- _Try it_
Please, could you print all the lines below exactly, leaving out the pictures?

- _Data block_
————————

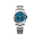 The Ref. 126000-0015 features a medium blue dial paired with a domed bezel and Oyster bracelet,
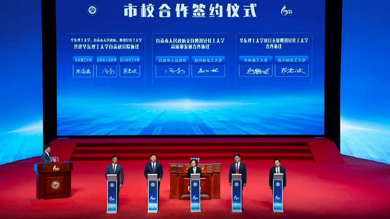 图片说明:签署三方《共建内射毛片内射国产夫妻自贡研究院协议》和《内射毛片内射国产夫妻对口支援四川轻化工大学协议》仪式
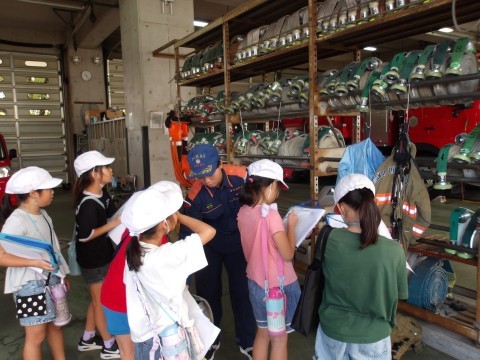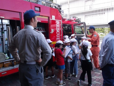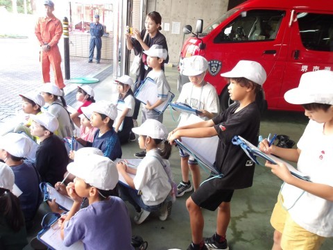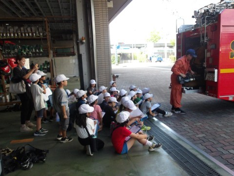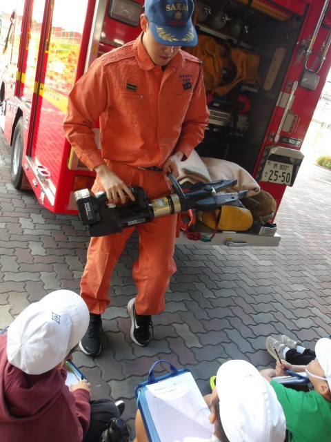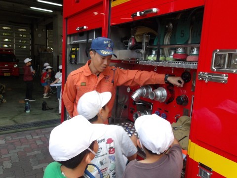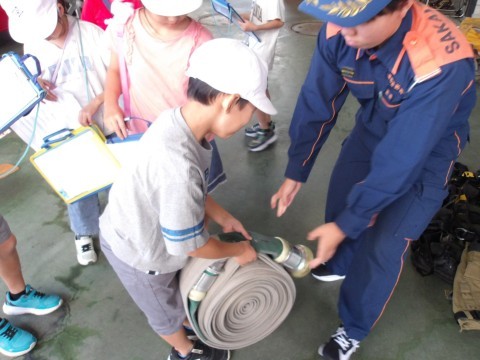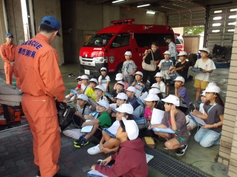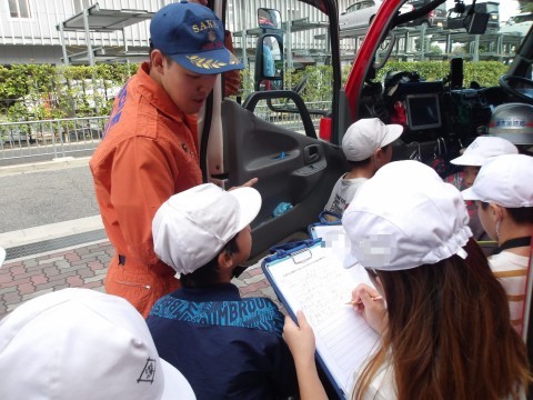 消防署では,救急車や消防車の説明や見学するだけではなく,実際に乗せていただいたり,心電図を取ってもらったりもしました。

————————

- _Answer_
 The Ref. 126000-0015 features a medium blue dial paired with a domed bezel and Oyster bracelet,
 图片说明:签署三方《共建内射毛片内射国产夫妻自贡研究院协议》和《内射毛片内射国产夫妻对口支援四川轻化工大学协议》仪式
 消防署では,救急車や消防車の説明や見学するだけではなく,実際に乗せていただいたり,心電図を取ってもらったりもしました。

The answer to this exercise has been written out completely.